Kunjungan tersebut dilakukan untuk memastikan kondisi rumah tidak layak huni (RTLH) yang akan mendapatkan bantuan perbaikan melalui program BSPS. Peninjauan lapangan ini menjadi bagian dari komitmen pemerintah pusat dalam mempercepat penanganan rumah tidak layak huni agar masyarakat dapat tinggal di rumah yang sehat, aman, dan layak huni.
Dalam kesempatan tersebut, Fitrah menegaskan bahwa rumah dengan kondisi lembab dan tidak memenuhi standar kesehatan harus segera ditangani karena berpotensi menimbulkan berbagai penyakit bagi penghuninya. Oleh karena itu, pemerintah berupaya mempercepat proses verifikasi dan penetapan rumah penerima bantuan.
“Rumah dengan tingkat kelembaban tinggi seperti ini wajib segera dibantu karena berpotensi menjadi sumber penyakit bagi penghuninya,” ujarnya saat meninjau salah satu rumah warga.
Ia juga menjelaskan bahwa rumah-rumah yang telah dinyatakan tidak layak huni akan segera ditetapkan melalui Surat Keputusan (SK) sehingga proses perbaikan dapat segera dilaksanakan tanpa harus menunggu waktu lama.
Sementara itu, Bupati Sumedang H. Dony Ahmad Munir yang turut mendampingi kunjungan tersebut menyampaikan bahwa pada tahap pertama program BSPS, sebanyak 550 unit rumah tidak layak huni di Kabupaten Sumedang akan diperbaiki menjadi rumah layak huni.
“Pada tahap awal ini terdapat 550 rumah yang akan diperbaiki, salah satunya di wilayah Sumedang Kota dengan sekitar 100 rumah tidak layak huni,” ungkapnya.
Dony menambahkan bahwa pelaksanaan program tersebut didukung oleh anggaran lebih dari Rp10 miliar serta melibatkan berbagai pihak dalam semangat kolaborasi dan gotong royong.

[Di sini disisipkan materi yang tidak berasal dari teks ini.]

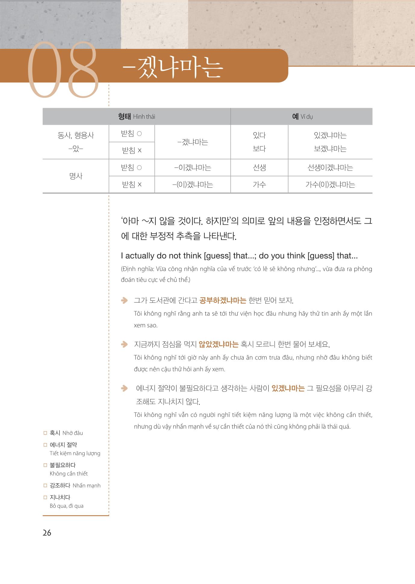 Chúng tôi hi vọng cuốn sách này sẽ hữu ích cho những người muốn học chính xác ngữ pháp tiếng Hàn Quốc một cách có hệ thống .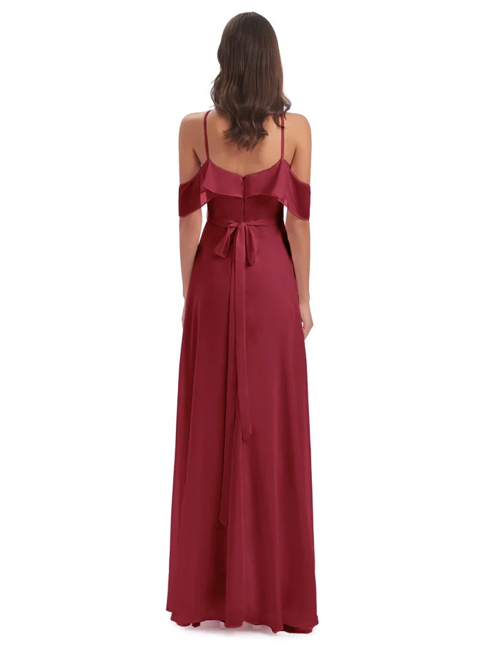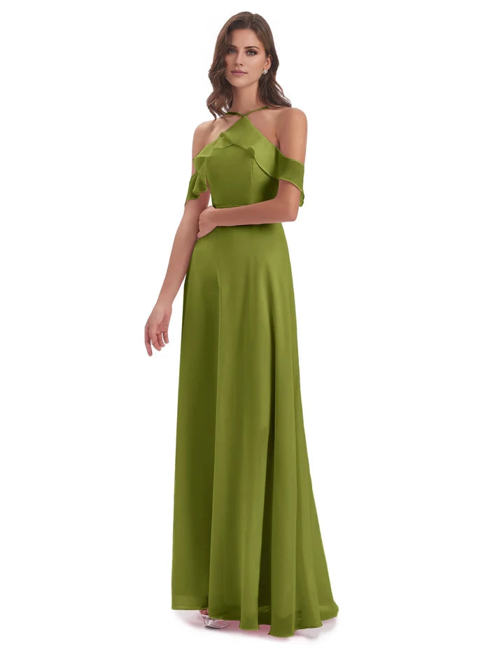 These long bridesmaid dresses feature a halter neckline combined with an off-the-shoulder design, crafted from flowing chiffon fabric for an elegant and graceful look.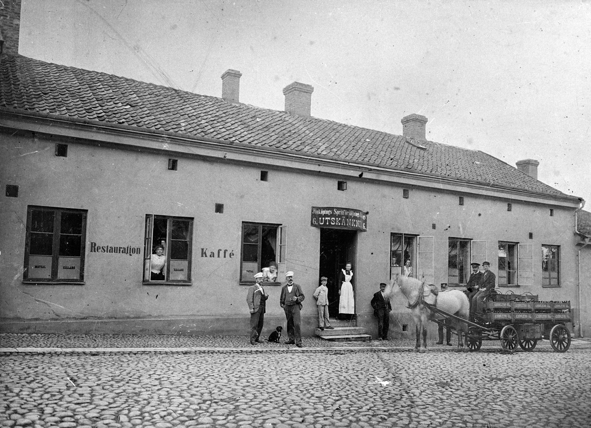 På Barnarpsgatan i Jönköping står häst och vagn utanför "Tummakrogen". Det är Restauration och Kaffé med Utskänkning, matsal och källare. På skylten ovanför dörren står texten: Jönköpings Spritförsäljngs... 6. Utskänkning 6. Människor på bilden är Torsten Johansson (1891-1961), innehavare av Johanssons åkeri (Braheg. 6), Anders Gustav Johansson (1863-1930) var åkeriägare och kusk vid Sandvalls järnaffär samt Lovisa Johansson (f. Andersson) (1855-1925), syster till Anders.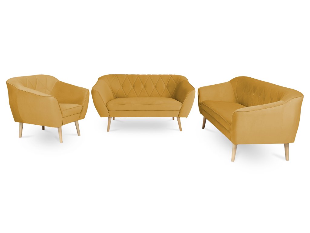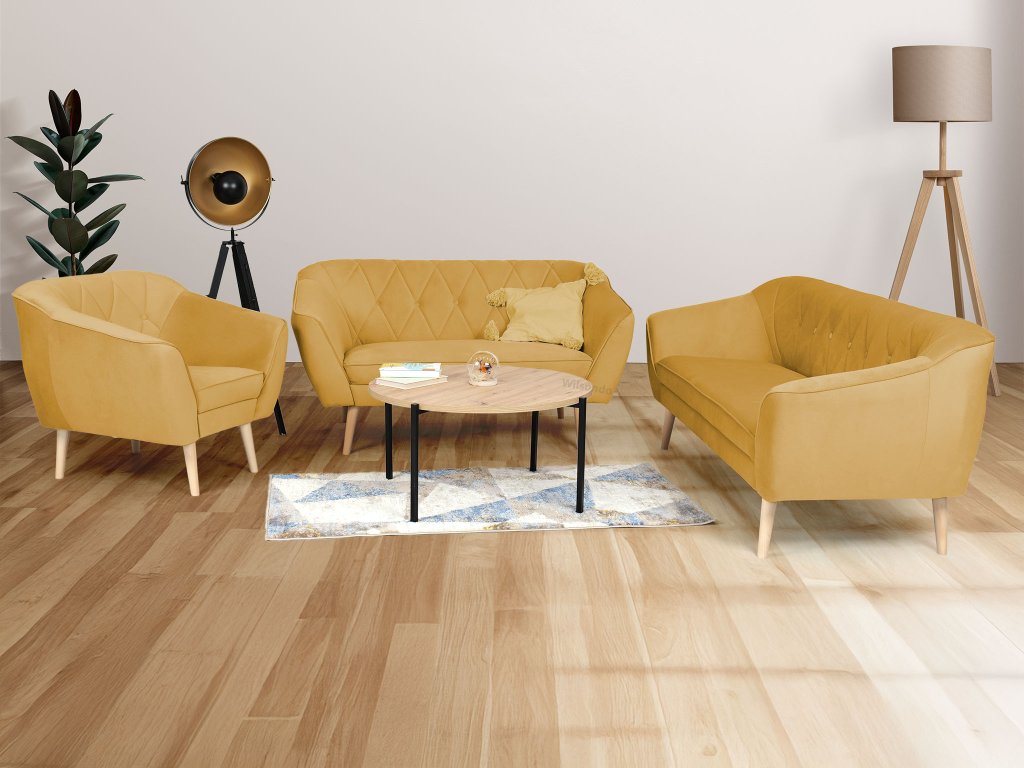 Hľadáte modernú a pohodlnú sedaciu súpravu? Táto sedacia zostava Deana v modernej žltej farbe je tou pravou nábytkovou zostavou do vašej domácnosti. Praktický set pozostáva z trojmiestnej a dvojmiestnej pohovky plus kresla, čo zaisťuje dostatok priestoru pre každého člena rodiny, priateľov či návštevy. Nábytok je čalúnený látkou Royal, ktorá je nielen príjemná na dotyk, ale aj extrémne pevná a odolná, vďaka čomu si súprava udrží svoj vzhľad po dlhé roky. Komfort sedenia zaručuje pena T30 v sedadlách a pena T25 v operadlách, poskytujúca výbornú oporu chrbta. Stabilitu udržiavajú drevené nožičky v prírodnej drevenej farbe. Set Deana sa hodí do každej obývačky. Stačí pridať konferenčný stolík a máte perfektný priestor na oddych aj trávenie času s rodinou.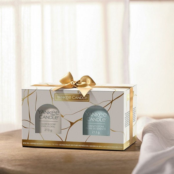 Due eleganti candele tumbler pensate per trasformare i momenti più semplici in rituali di vero comfort.Include 2 candele tumbler profumate in Serenity Stone e Slow Bloom, rifinite con un elegante nastro.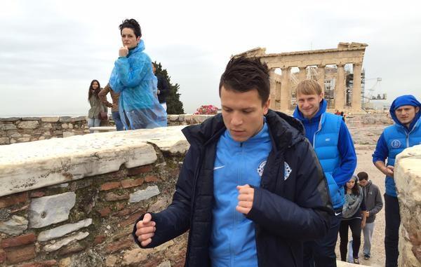 Λίγες ώρες πριν τη ρεβάνς στο «Καραϊσκάκη», η αποστολή της ουκρανικής ομάδας έκανε μια επίσκεψη στην Ακρόπολη και το μουσείο της.
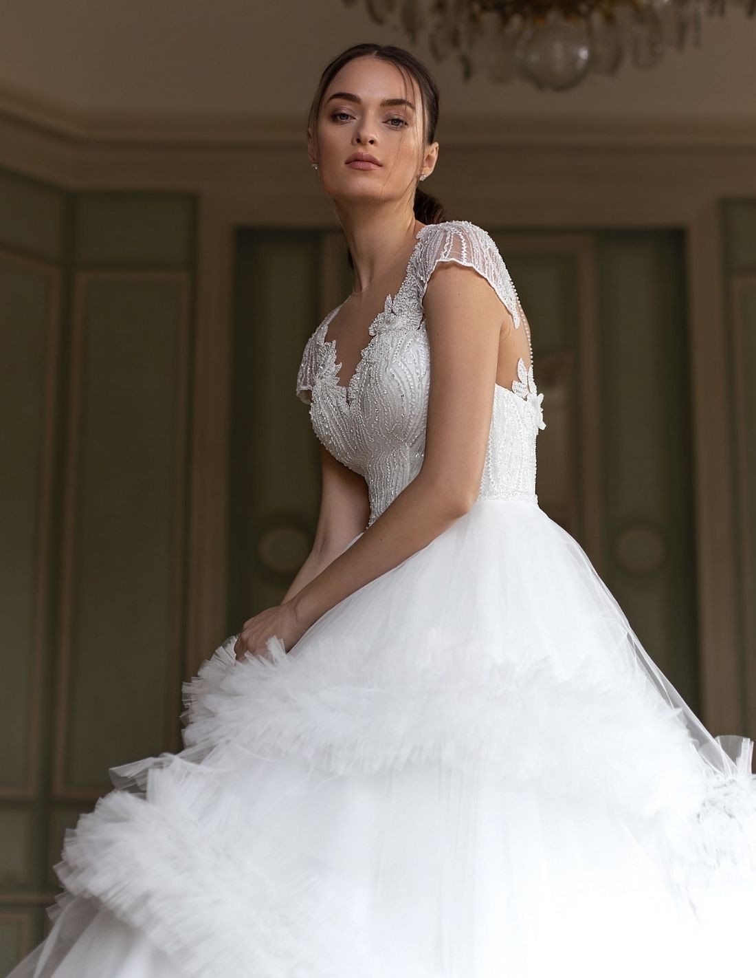 Vestido de novia con cuerpo de pedrería y falda de tul
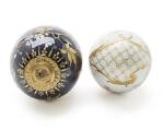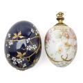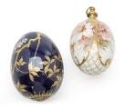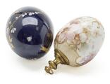 To tyske ægformede flakoner af porcelæn, heraf et dekoreret med bleu-royal glasur, emaljemaling og guld; samt et med blomster i cartoucher. Begge med propper og montering af messing. Königliche Porzellan-Manufaktur i Berlin, 19. årh.s slutning. H. 7–8 cm. (2)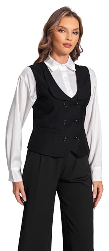 Foucome Double Breasted Waistcoat for Women - Dressy Lapel Collar Vest Top 5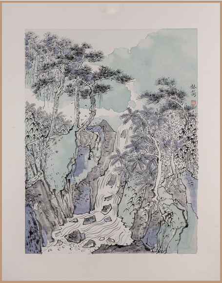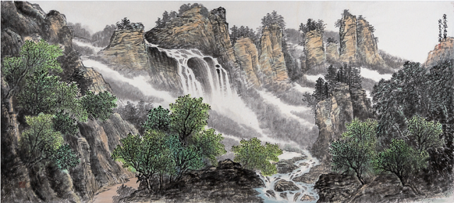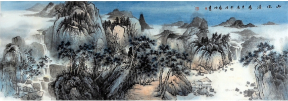 中国画讲究“因情生意,因意待气,借气造形”。观其作《山水清音》,云雾之气氤氲弥漫,山石层层皴染渐显肌理,构图虚实相生,近景林木苍劲,中景山峦叠嶂,远景云雾渺茫,于尺幅之间铺展“咫尺千里”的悠远空间,悄然晕染出“静气”充盈的大美意境。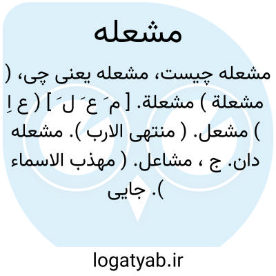 ( اسم ) مشعل: هزاران مشعله بر شد همه مسجد منور شد بهشت وحوض کوثر شد پر از رضوانپرازحورا. ( دیوان کبیر ) جمع: مشاعل. یا مشعل. خاوری.خورشید. یامشعل. روز. خورشید. یا مشعل. صبح. خورشید. یا مشعل. گیتی فروز. ۱ - خورشید. ۲ - حضرت رسول ص.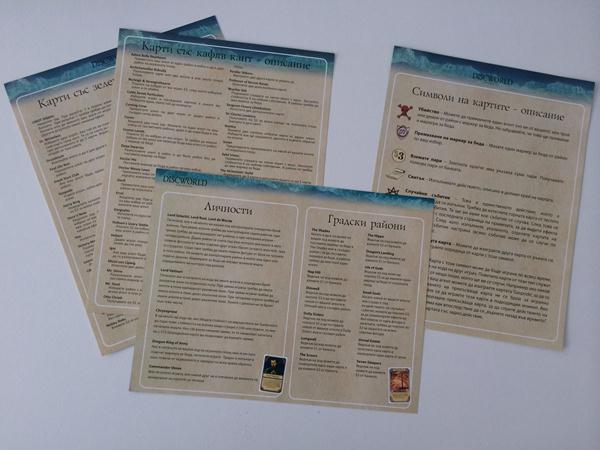 Искам да отделя внимание на превода на играта. Тя не е изцяло на български език, но е възможно съвсем лесно да бъде играна, без да знаете английски. Това е възможно благодарение на отделната, изцяло преведена на български книжка с правила, която ще намерите в кутията на играта. Заедно с правилата ще намерите и обяснение на всяка карта, която има текст на английски, както и много полезни картончета с описания на основните правила, които да ползвате като помощни листове, за да не се налага да ровите в правилата винаги, когато забравите нещо. Самите правила са само три страници и са много лесни за усвояване, а повечето от тях могат да бъдат обяснени дори в хода на играта.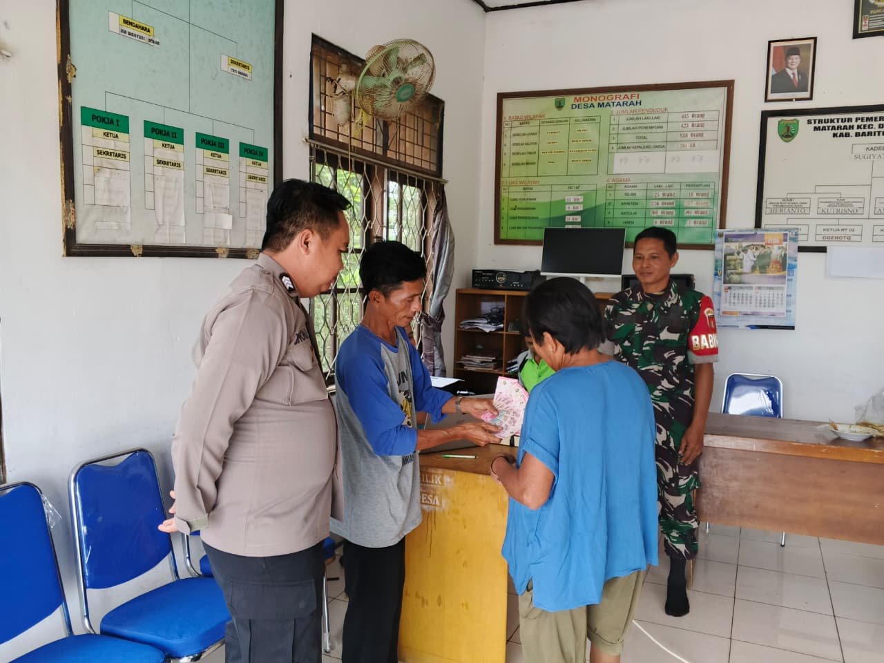 Barito Timur – Bhabinkamtibmas Desa Matarah, Polsek Dusun Timur, BRIGPOL Jhon Mejer, menghadiri kegiatan penyaluran Bantuan Langsung Tunai Dana Desa (BLT-DD) periode Januari hingga Maret Tahun 2026 yang dilaksanakan di Kantor Desa Matarah, Kecamatan Dusun Timur, Kabupaten Barito Timur, Jumat (10/04/2026).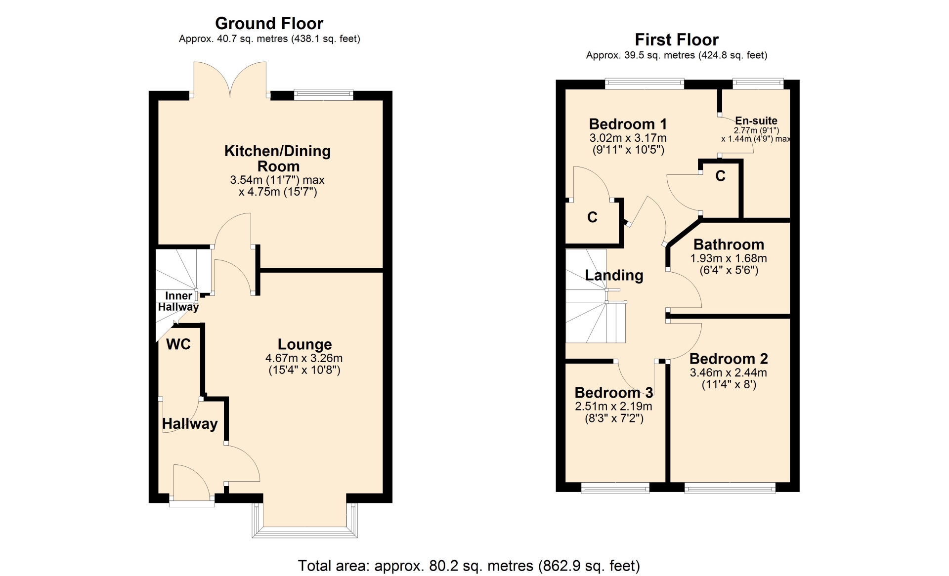 EN-SUITE 2.77m x 1.44m (9'1" x 4'8")
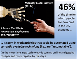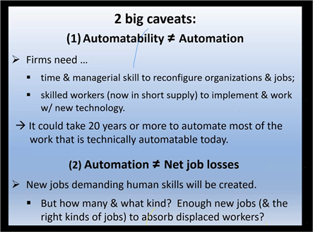 第一,自动化的可能性不意味着自动化的现实性。自动化需要很长时间与很多技术。有时候需要一些不容易得到的工人来实际实施这项技术。因此,根据经济创新的过去模式,kenzie的人估计,要实现所有目前已经实现自动化且有能力实现自动化的工作,可能需要20年的时间。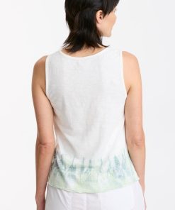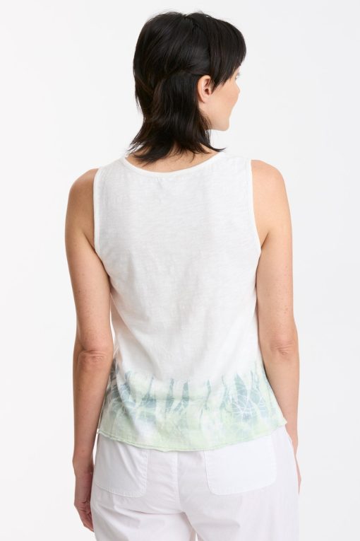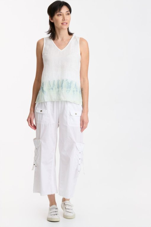 A lightweight linen bra-friendly v-neck tank with two functional ring snaps at the side seams, a slub jersey contrasting back panel, and a raw-edge hem.
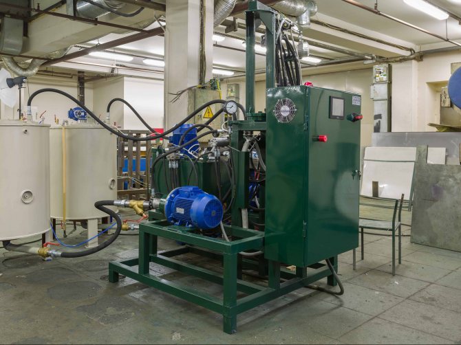 Para verter as paredes do PPU, são usados complexos para verter. Esse equipamento permite dosar com precisão os componentes para obter espuma de poliuretano, misturá-los até ficar homogêneo e despejá-los no espaço entre as paredes. As instalações são de alta pressão (acima de 100 atmosferas) e baixa pressão (4-10 atmosferas).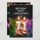 Fügen Sie einen Namen hinzu, um diese einzigartige Party Einladung zu individualisieren.Eine lustige 71. Geburtstagsfeier mit glücklichen Kerzenzahlen, die auf einem Schokoladenkuchen brennen. Sehen Sie sich die ganze Palette an Einladungen und Karten in meinem Geschäft an.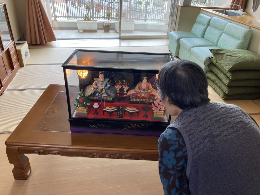 週間予報では、最高気温が20℃になる日があるそうです!春がそこまで来ていますね♪ちょっと早いですが、グループホームのリビングにお雛様を飾りました‼Sさんは、飾ってあるお雛様をみて「私も子供が小さい頃、飾ったわよ~」と懐かしんでいました(^^♪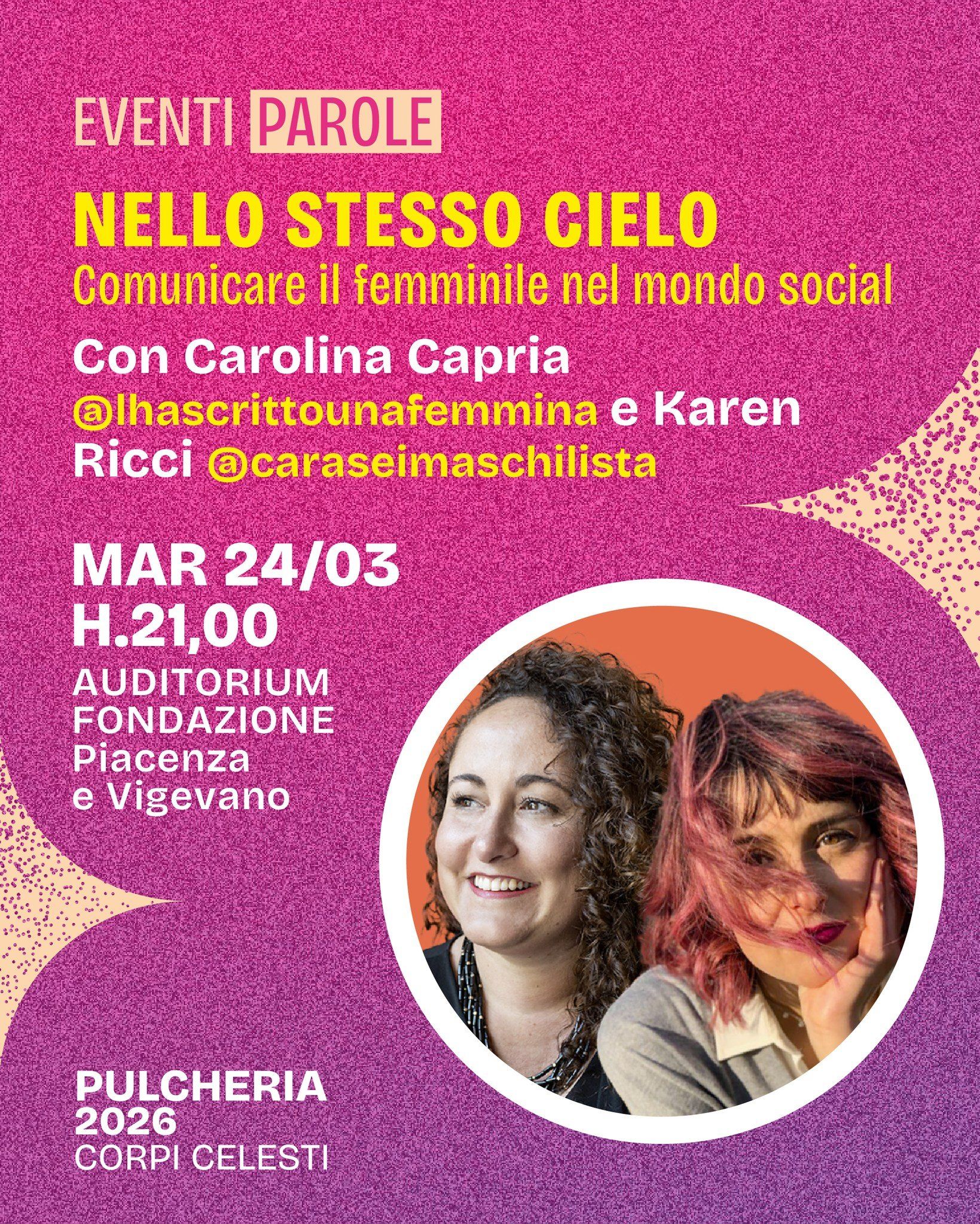 Martedì 24 marzo alle ore 21.00, all’Auditorium della Fondazione di Piacenza e Vigevano,Pulcheria 2026 propone l’incontro "Nello stesso cielo. Comunicare il femminile nel mondo social".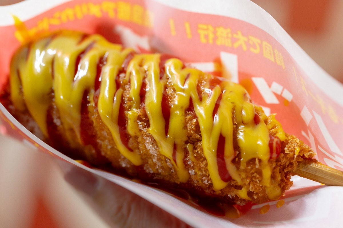 岡山後楽園や岡山城を歩いてお腹がすいたので、チーズハットグをいただくことにしました。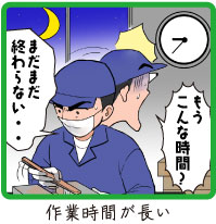 長時間の姿勢負担 かがみ込んでの作業や同じ姿勢が続くことで、腰痛や腱鞘炎といった慢性的な身体トラブルにつながることも。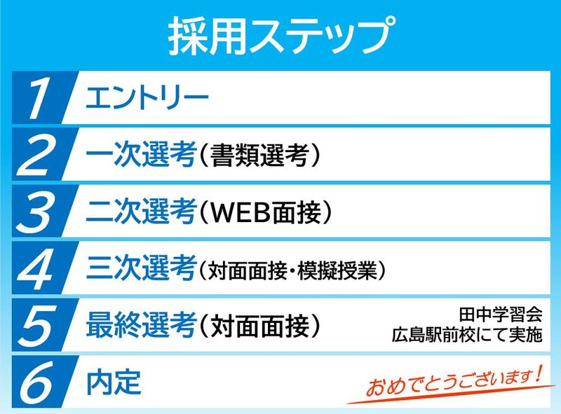 求めている人材 【必須条件】 ・大卒以上 ・大学受験経験のある方 【歓迎条件】 ・教育に携わりたい意欲のある未経験の方 ・教員免許をお持ちの方、または受けられた方 ・雇用形態は問わず、予備校や進学塾、 家庭教師、個別指導教育等の指導経験者 \こんな方に、ぜひお会いしたいです/ 1. 学校現場での働き方に悩んでいる方 「部活動の指導で休みがない」 「カリキュラムに追われて生徒一人ひとりと向き合えない」 ……その悩み、田中学習会が解決します。 地域密着だからこそ、生徒の個性に寄り添った指導が可能です。 2. 異業種で「誰かの役に立ちたい」と感じている方 営業職やサービス職など、教育業界以外からの転職者が多数活躍中! 「聞き上手」「褒め上手」なあなたのスキルは、 子どもたちの可能性を広げる武器になります。 3. 安定とキャリア、両方手にしたい方 生徒数13,000名超。 大手英進館とのパートナーシップにより、 経営基盤は盤石です。 将来は教室運営(マネジメント)に携わり、 ビジネススキルを磨ける道もご用意しています。

Selain dukungan dari pemerintah, program ini juga diperkuat melalui dana Corporate Social Responsibility (CSR) dari PT CKJT sebesar Rp5 juta per unit serta bantuan dari BAZNAS sebesar Rp3 juta. Adapun bentuk keswadayaan masyarakat diwujudkan melalui gotong royong tenaga dari warga sekitar yang dikoordinasikan oleh RT dan RW setempat.
Melalui kolaborasi antara pemerintah pusat, pemerintah daerah, sektor usaha, serta partisipasi aktif masyarakat, diharapkan program perbaikan rumah tidak layak huni di Kabupaten Sumedang dapat berjalan optimal dan memberikan dampak nyata bagi peningkatan kualitas hidup masyarakat.
“Dengan kebersamaan dan gotong royong, kami optimistis rumah-rumah tidak layak huni di Sumedang dapat segera berubah menjadi rumah yang sehat, aman, dan layak ditempati,” pungkasnya.